Very few real-life phenomena are ever as simple as A causes B ? a bivariate relationship. Take for example economic forecasting: it is a function of unemployment, consumer confidence, inflation, interest rates, and many other factors. There is not one single variable that can solely predict the state of the economy in the next few months. Similar is true in the study of global warming, in the derivation of gene interactions, in the analysis of customer recommendation systems, and so on. Multivariate relationships are ubiquitous and they have always existed. However, with the growth in sensor technology, whatever the data collection mechanism might be (electronic media, physical devices, etc.); we now have a wealth of data available to study in many domains, small and large. Currently, automated and unsupervised methods often fail once the number of variables (dimensions) grows beyond a dozen or even less; hence visualization techniques for user-assisted analysis play an important role. Responding to this need, this exploratory project develops a novel framework that makes high-dimensional (multivariate) data visualization more accessible to all. It couples powerful data analysis with an intuitive exploration and way-finding paradigm ? akin to a tourist map ? to help users navigate high-dimensional data spaces with ease.
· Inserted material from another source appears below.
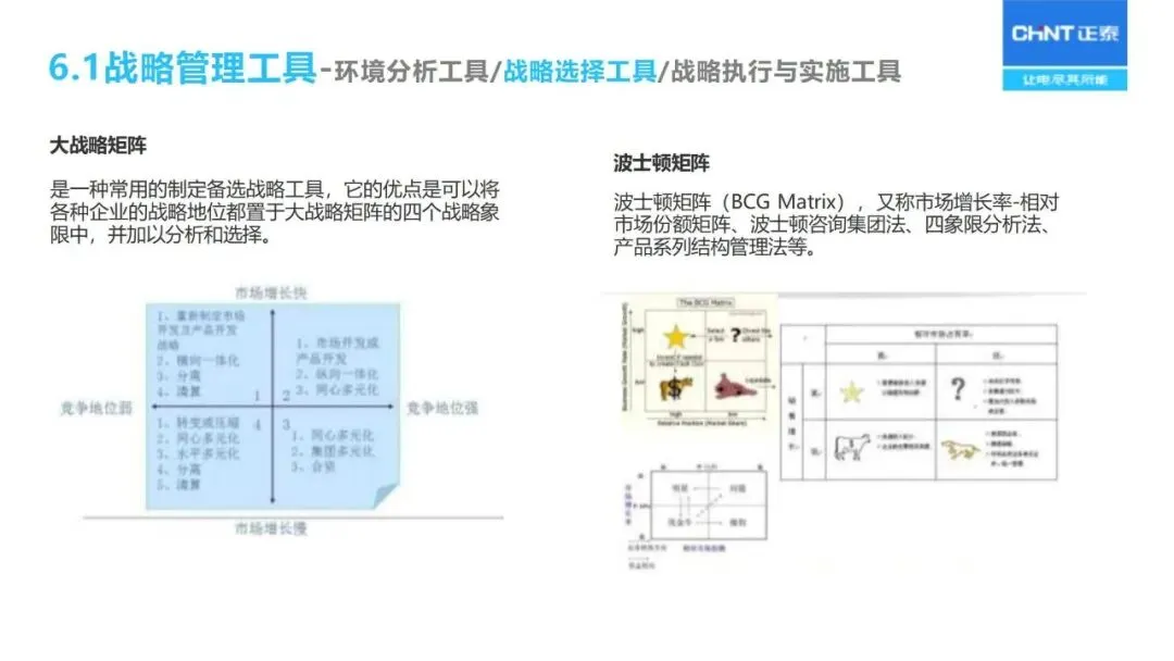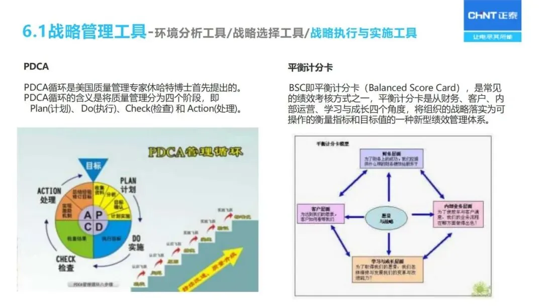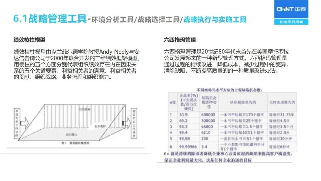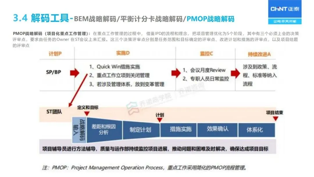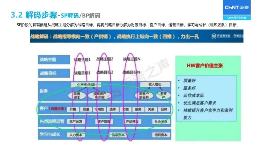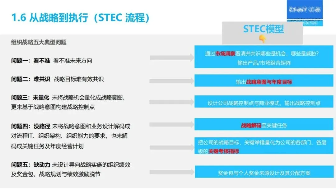 战略解码依赖于 BEM模型的分解:通过“六步法”将长期战略规划转化为年度经营计划,首先明确战略目标,确定关键成功因素和关键绩效指标,然后层层分解为部门目标、个人业绩承诺,同时采用“1+3模型”将战略、 HR、财务预算、过程改造等环节联系起来,保证上下一致,左右协调。

The overall goal of the project is to facilitate intuitive navigation and exploration of high-dimensional data spaces, improving comprehensibility and reducing unnecessary complexity. This is achieved by: (1) unrolling the high-dimensional space into a landscape map; (2) enabling users to navigate the map and local subspaces of the data via an interactive data projection utility controlled by a touchpad interface; (3) allowing users to insert interesting observations (i.e., data projections) into this map; (4) augmenting the map with background overlays depicting informative globally defined data; and (5) conveying the data within a level-of-detail illustrative visualization framework. The system is evaluated and refined via formal user studies, both with domain scientists in interviews and in a crowd-sourced setting over the web.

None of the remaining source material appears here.